I saw something yesterday that I'd never thought of. There is a span of a few years where pretend cooking is a sure fire hit in the play ground. "Can you fix me some broccoli?" "We haven't got broccoli! Here's bagels!" (Accompanied with flung handfuls of wood chips).

However, yesterday, I saw a nanny that had brought a whole collection of cups and containers for enhancing this game.

It worked great, there was a knot of kids that were occupied for at least thirty minutes. She had tons of stuff, so that sharing was accomplished without overt conflict. Even my son was able to shyly ask for an ice cream and then play for a bit. They were playing in a park (Spring) with a great little kiosk type stand next to a long tube, so they had a good food prep area, and then a good selling area. Clearly the coffee-shop paradigm is well understood by area children. (I was perhaps the only adult there without a cup of joe in hand.)

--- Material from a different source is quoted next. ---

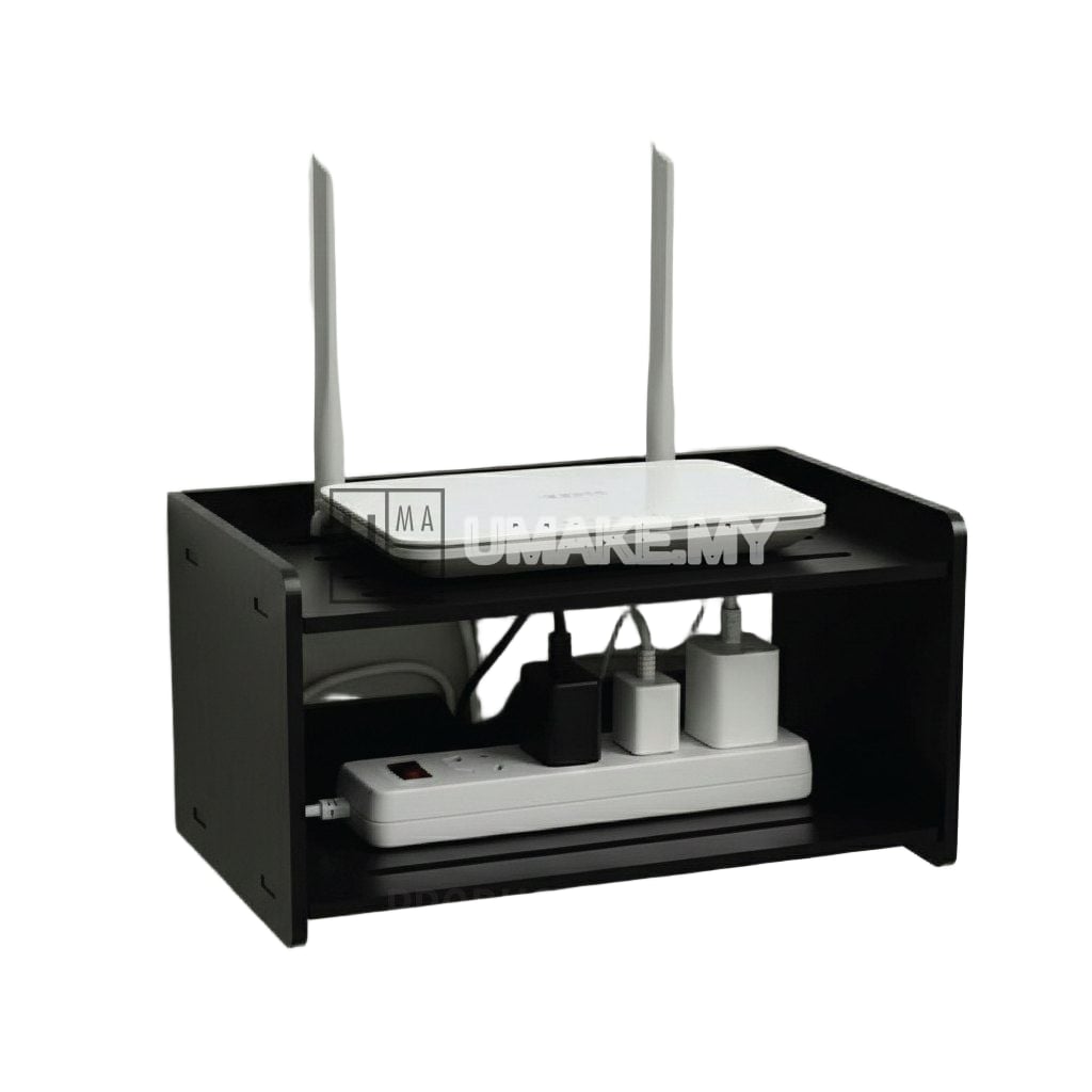 PVC WiFi router and modem storage rack with cable management. Fits standard Malaysian routers (TM Unifi, Maxis, Time), TV boxes, and power strips. Open-slot design prevents overheating with maximum airflow. 2-in-1 design: desktop placement or wall mount. Easy slot-in DIY assembly in 5 minutes — no tools needed. Available in white or black, 2-layer or 3-layer. Made from high-density water-resistant PVC foam board. Made in Malaysia by UMAKE.
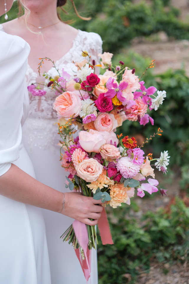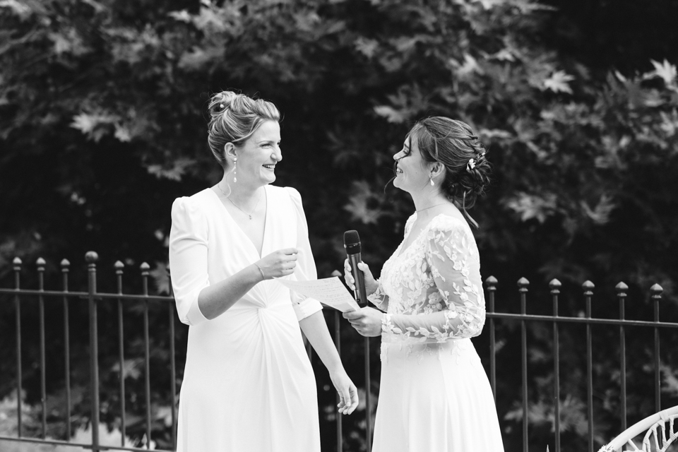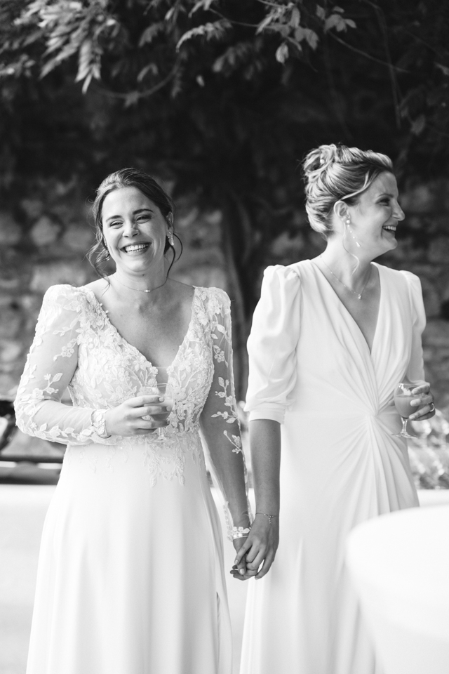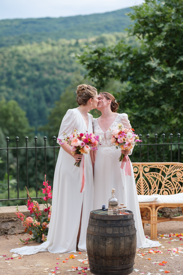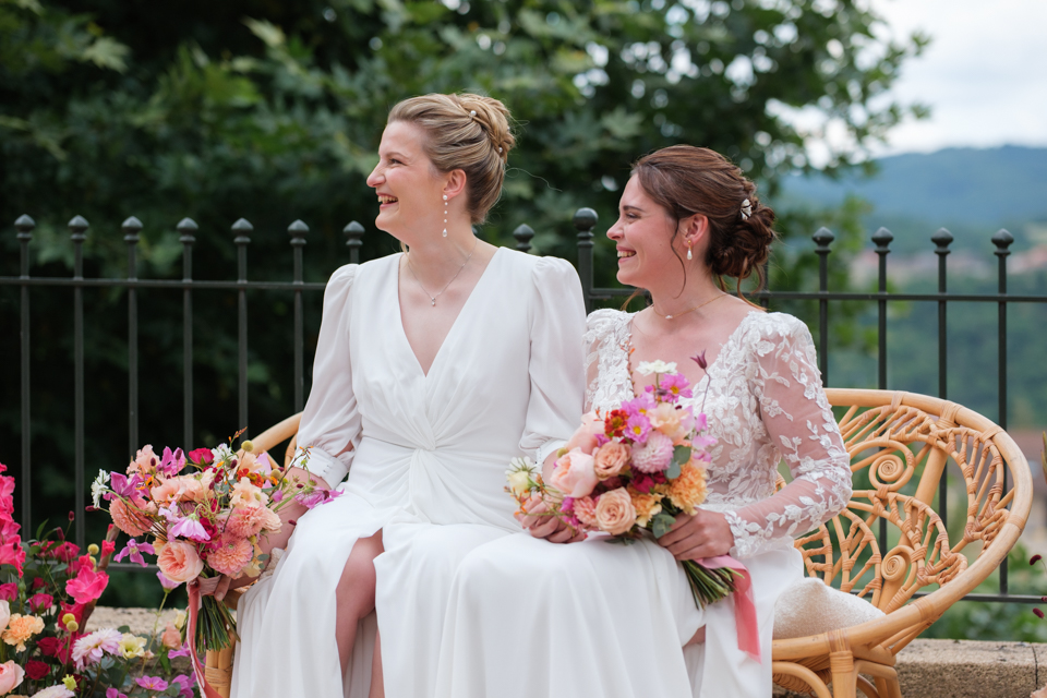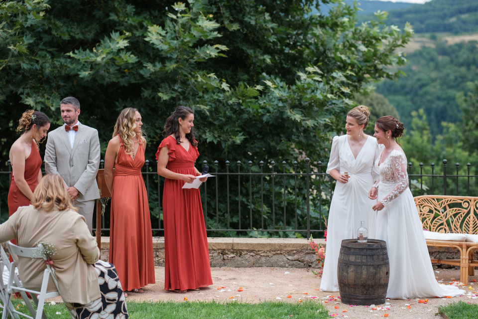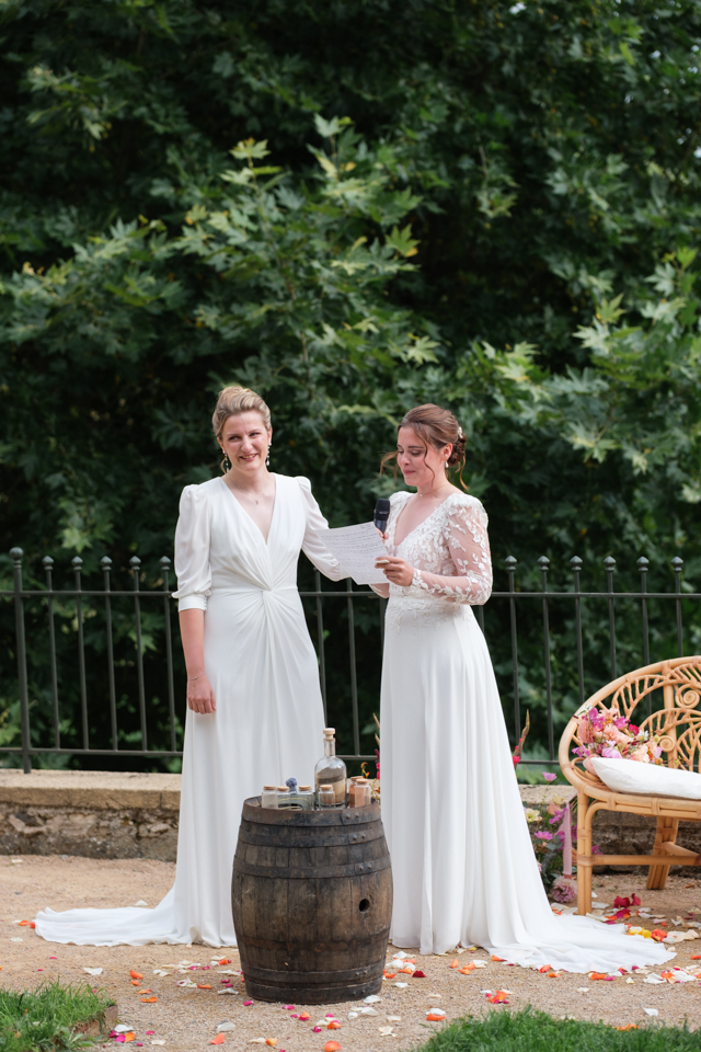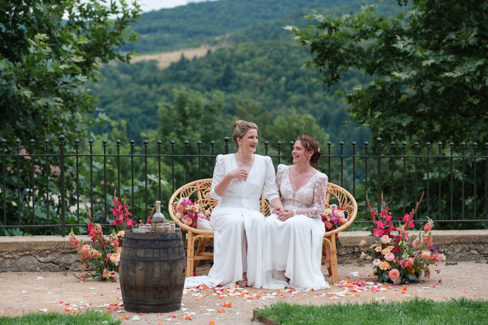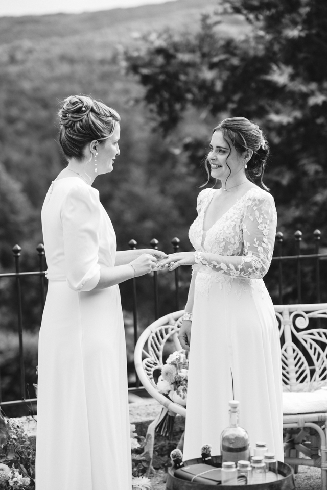 Nous avons débuté la journée avec les préparatifs des mariées dans une ambiance décontractée dans les belles chambres du Domaine. Ensuite, place à la cérémonie laïque dans le jardin autour de la fontaine, avec une vue magnifique comme toile de fond et une décoration florale colorée. Une cérémonie orchestrée par le père d’une des mariées avec talent, pleine d’émotions et de joie avec le rituel symbolique du sable.

However, people being people, after sometime there developed a split among the kids, with two bossy groups. I couldn't quite figure out the root of the debate, but it had to do with how to arrange the bowls of chips in the tunnel. Feelings were starting to rise, so I moved my son away. They have turned the water fountains on in this park, so I thought it would be a good chance to fill our water bottles up. I had forgotten his predilection for pouring water out, so what I imagined would be a fun join project of filling the water bottles turned out to be a tense negotiation between a person that just wanted to fill the bottles, perhaps take a sip, and move on, and a person that wanted to spend a good deal of time filling up and then pouring out bottles. So we filled them up three or four times, I just drank all the water I expected I'd need in the next hour or two and then let him empty it out again. Finally, I managed to convince him to keep some water in the bottle and to move away from the spigot. As he walked off, I tried to tighten the spigot so hard that no other toddlers would be able to open it but not so tight that other parents couldn't open it.

See the error?

I glanced up at where he was taking the water bottle as he arrived at the tense wood chip argument. I leaped forward and grabbed the bottle just as he was flinging the water at one of the children. Somehow, the water went mostly back into the bottle as I swept it forward and up. The targeted child ended up with a tiny splash, that went entirely on her hat, not on her hair or face. Her nanny saw that no harm was done, her feelings started to be hurt but then she recovered. My son was amenable to being swept up and placed in the stroller, with a few "blah blah blah" words from me about not throwing water on people in the park.

I think I will still bring containers and cups along, but we won't set up shop next to a water fountain.